The validation of Glide XP docking and RF-Score-VS were accomplished by using external datasets (Table S2). The dataset consists of 25 active compounds and 75 decoy compounds against mitogen-activated protein kinase, which were randomly sampled from the Database of Useful Decoys-Enhanced (DUD-E) using the ‘sample()’ function in pandas to validate the docking and RF-Score-VS analysis. The results were incorporated into the maestro workspace for enrichment analysis [46]. The ‘enrichment calculator’ tool was used here to evaluate the screening process. On both of the screening analyses, the compounds were sorted by the respective scoring functions, for instance, the Glide XP score and RF-Score-VS_v2 for molecular docking and RF-Score-VS analysis, respectively. Later, the effectiveness of the screening methodologies to differentiate between the actives in the decoy set of compounds was tested by producing a receiver operating curve (ROC) (Figure S1).
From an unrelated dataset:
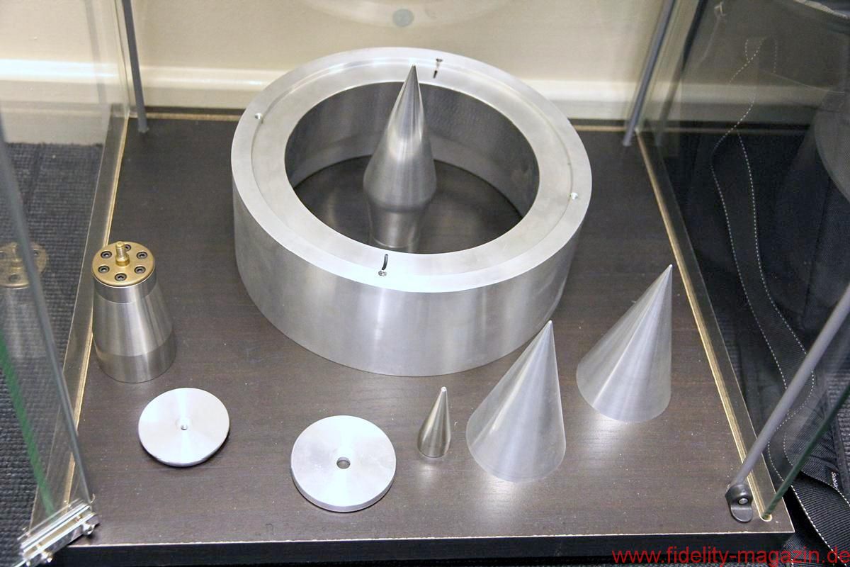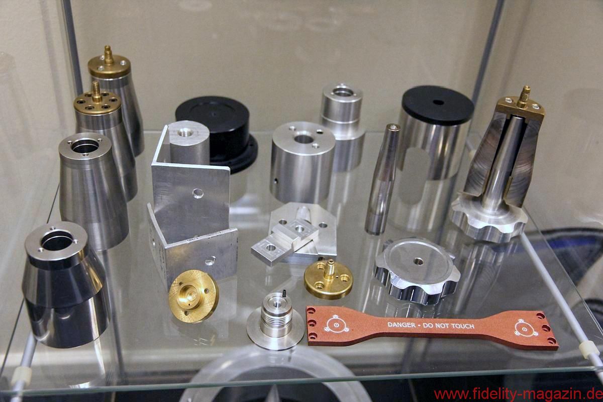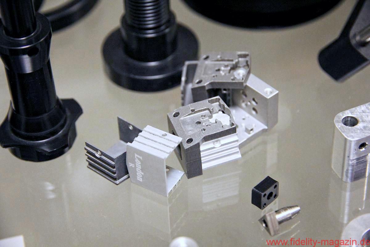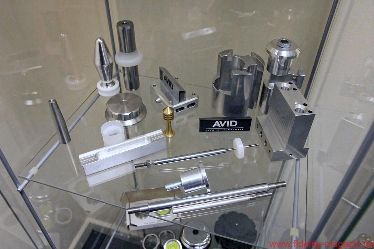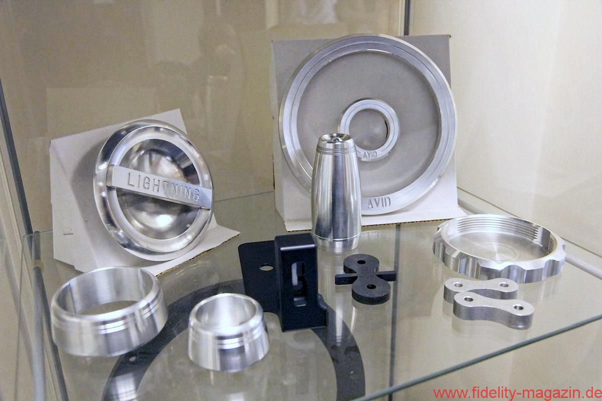 An der ausgeprägten Dienstleistungsmentalität hat sich bis heute nichts geändert: Nach wie vor entwickelt, produziert und veredelt AVID Präzisionsteile für Unternehmen aus der Medizin- und Militärtechnik, für Highend-Audio- und Automobilfirmen. Das zehnköpfige Team war zuvor auch schon für Musical Fidelity, QUAD und Wharfedale tätig. AVID hat Canon und Nikon mit Zubehörteilen beliefert, aber auch einen Tonarmschlitten für den Naim Audio Aro im Programm, den „Naim Slide“. Man fertigt zudem das Topmodell der Decca/London-Tonabnehmerserie, das „Reference“, komplett; lediglich die winzigen Spulen werden zugeliefert. Man ist mit diversen Spezialteilen an einem elektrischen Supersportwagen-Konzept namens Lightning GT beteiligt, baut aber auch ein nahezu komplettes Hornlautsprechersystem, über das man nicht konkret sprechen darf. Und dann thront da noch ein knallgelbes AVID-Laufwerk auf einem hauseigenen Isorak-Möbel, das im Zuge eines kurzzeitigen Kooperationsangebots durch Aston Martin entstand. Zwei Glasvitrinen im anderen Zimmereck zeigen viele weitere Delikatessen der Feinmechanik, Teile von Wünschelruten und Klebepistolen etwa, aber auch die vielgerühmten Plattenklemmen für die hauseigenen Laufwerke.

A total of 11 decoys were outranked during the screening process using RF-Score-VS. On the other hand, seven decoys were outranked during the molecular docking analysis. The smaller number of outranked compounds indicates the effectiveness of these screening algorithms. Further, these measures were evaluated using receiver operating characteristic curve (ROC) analysis. Importantly, the ROC value of docking and RF-Score-VS were 0.902 and 0.850, respectively. Moreover, the area under the curve (AUC) was calculated as 0.801 and 0.762 for molecular docking and RF-Score-VS, respectively. Since the AUC value of docking and RF-Score-VS are above 0.7, we believe that both algorithms have the potential to discriminate the active compounds from the target database. Further, we have accessed Pearson’s and Spearman’s correlations between the docking score and experimentally determined binding affinity of the 25 active compounds. It is worth noting that Pearson’s and Spearman’s correlation values of 0.758 and 0.818, respectively, were observed. All of these findings indicate that the lead compounds produced through these screening approaches may potentially be effective towards further experimental works.

3.3. Virtual Screening

A total of 11,808 molecules from the three subsets of Drugbank were screened through the HTVS docking method. Later, the screened hit molecules (n = 7075) were docked into the best predicted binding site, such as site 1, using the Glide XP method. Note that trametinib was used as a reference compound in all the analyses. The XP docking score of reference compound −3.423 kcal/mol in site 1 was then used as a threshold for further screening of hit molecules. Subsequently, the top 50% of the molecules resulting from the XP docking on site 1 were redocked to site 2 and site 3. A total of 3125 and 2813 compounds were predicted to bind better than the reference compound on site 2 and site 3, respectively. The results from the docking study were then integrated to eliminate the false positive compounds. The results indicate that 2468 compounds were able to bind tightly with all three binding sites predicted by the algorithm.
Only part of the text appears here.